Я не ответил и продолжал идти. Тогда меня остановил патруль и осветил карманным фонарем. Я слышал, как со всех сторон в мой адрес слышались ругательства, а кто-то мне даже скомандовал:

- Ни с места! Руки вверх!

Меня тотчас схватили под руки и повели в вокзальную милицию, которая тогда размещалась в подвале Ярославского вокзала. По дороге туда меня раз двадцать называли поджигателем, шпионом, диверсантом. Я молчал и ничего не отвечал. В подвале у меня отняли все документы и полунасмешливо сказали:

— А теперь сиди и жди своей судьбы!

Всю ночь в милицию бесцеремонно приводили молодых рабочих, которые гуляли с девушками по московским улицам. Они не знали, как и я, о запрещении ходить по городу в ночное время без разрешения властей. За эту вольность завтра, может быть, их всех пошлют под конвоем рыть окопы вокруг города, ну а меня, наверное, отправят по этапу снова на каторгу или на фронт в штрафную роту на передний край. Так мне думалось тогда...

Но вот к восьми часам утра пришла начальница отделения милиции и стала вызывать задержанных. Одни из них вернулись с документами в руках, другим сказали обождать. Меня вызвали в кабинет последним. Подойдя к столу на-

 

- 234 -

чальницы, которая знакомилась с моими документами, я приготовился отвечать на вопросы. Но она, прочтя документы, взглянула мне в глаза. Моя судьба тогда была в ее руках. И вдруг она сказала, возвращая мне документы:

— А вам нужно покинуть город в двадцать четыре часа!

Я посмотрел в ее глаза и увидел в них сочувствие. В тот момент я подумал, что в карательных войсках на должности начальников должны работать только женщины.
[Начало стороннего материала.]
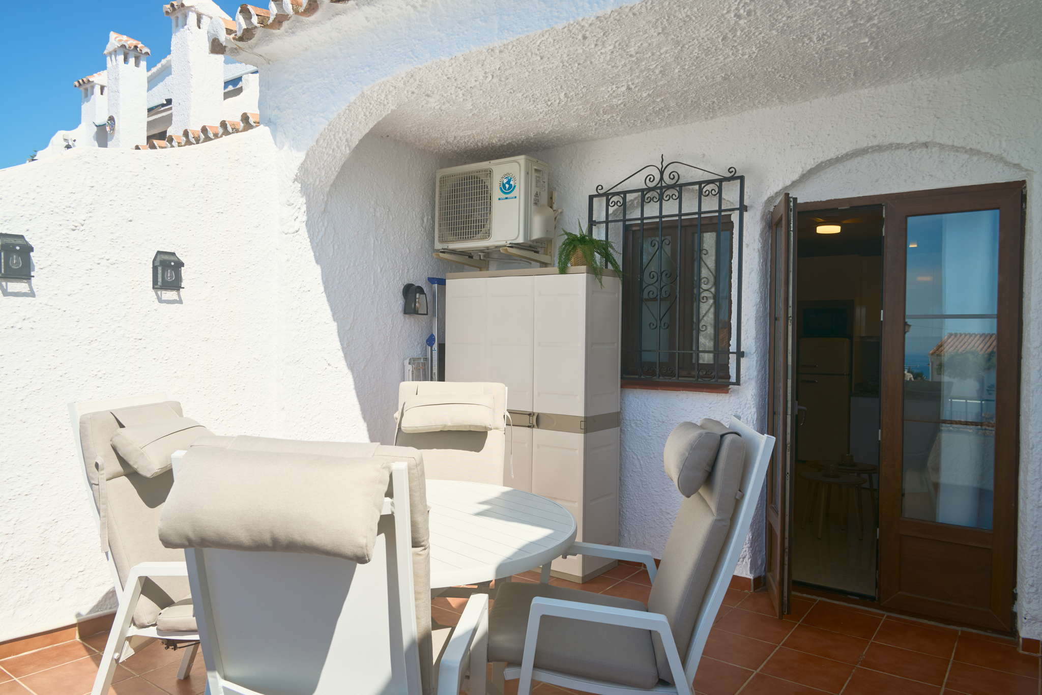 Disfrute de un desayuno bajo el sol en la terraza de Casa Sofia mientras contempla el azul del Mediterráneo y el diseño de pueblo blanco andaluz que caracteriza esta zona. Este apartamento con vistas al mar en Nerja es la opción ideal para parejas que buscan un entorno tranquilo, alejado del ruido del centro pero con todas las facilidades de un complejo de primer nivel que incluye jardines cuidados y servicios compartidos.
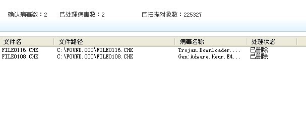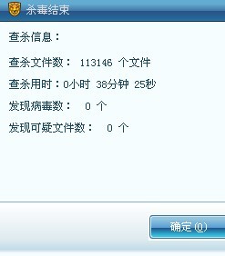 再后来我又一次打开了瑞星,居然可以连接上一次继续杀毒,等到查杀完毕了之后这就是查杀的结果
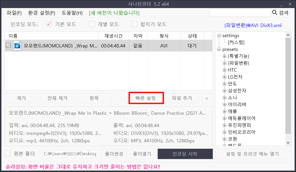 바닥인코더라는 동영상변환 프로그램이 많이 사용되고 있지만, 저는 그보다 이게 더 마음에 들더군요.
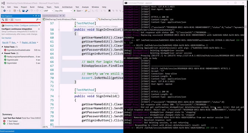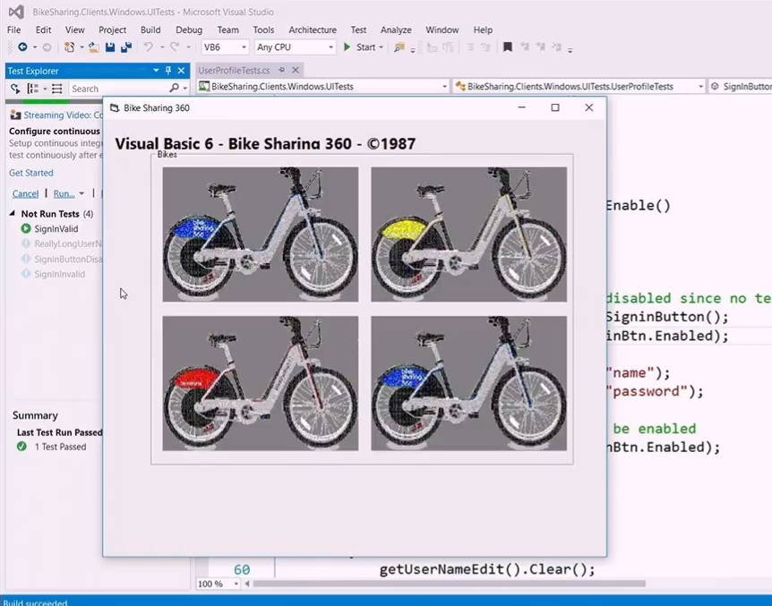 次のデモはStacey氏。Unitテスト系のデモですね。サインイン時のチェックがバグってる(テスト通らない)というあたりのシナリオでデモしてました。UIテストな感じのやつですね。なおVB6も登場してました。。![]()
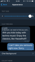 The most ultimate WhatsApp killer is the option to customize the appearance of your Telegram X. Leaving the fancy factor aside, having larger text helps Telegram X user to read their messages better. You also have 30 background wallpaper to choose and four different themes.
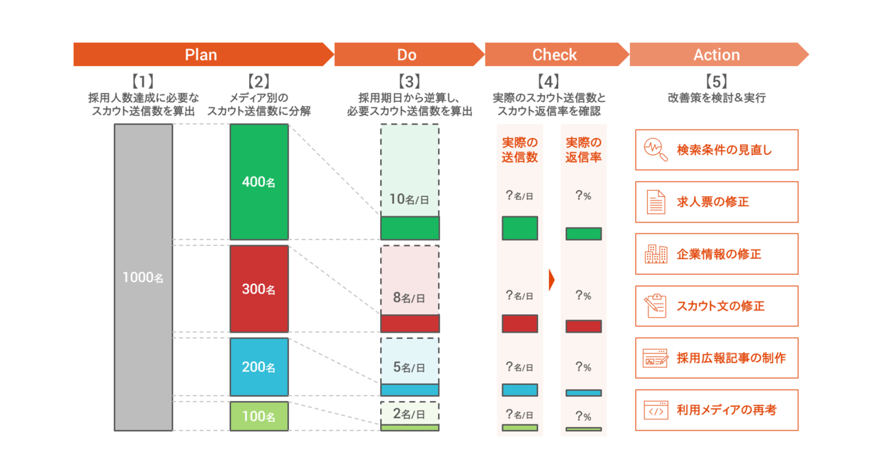 例えば上図は「ボリューム」にフォーカスしたPDCAサイクルのイメージです。スカウト(ダイレクトリクルーティング)を中心に採用活動を行う場合は、まずP(Plan)の段階で、メディアごとの「母集団形成ポートフォリオ」を設計する必要があります。そして採用期日(期限)と想定スカウト返信率から逆算して、デイリーで必要なスカウト送信数を算出し、愚直にD(Do)=スカウトを実行していきます。
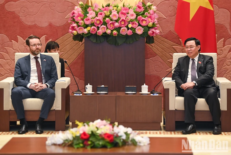 Chủ tịch Quốc hội Vương Đình Huệ tiếp Đại sứ Anh tại Việt Nam Iain Frew. (Ảnh: DUY LINH).

Чтобы узнать, куда нам нужно теперь ехать (немцы подходили к Житомиру), мы пошли в комендатуру КГБ и записались на прием к дежурному. Когда я подошел к окну, меня спросили:

— Ну, а вы куда хотите ехать вместо Житомира?

Я ответил сразу:

— В Воротынск Калужской области.

Комендант сменил мне подорожную и пожелал счастливого пути. Чекисты, видимо, в то время находились в состоянии цейтнота, не имея времени на выбор лучшего решения. Простившись со своими спутниками-каторжанами и пожелав им счастья в жизни, я пошел пешком на Киевский вокзал, где через два часа сел в пассажирский поезд и уехал в Воротынск.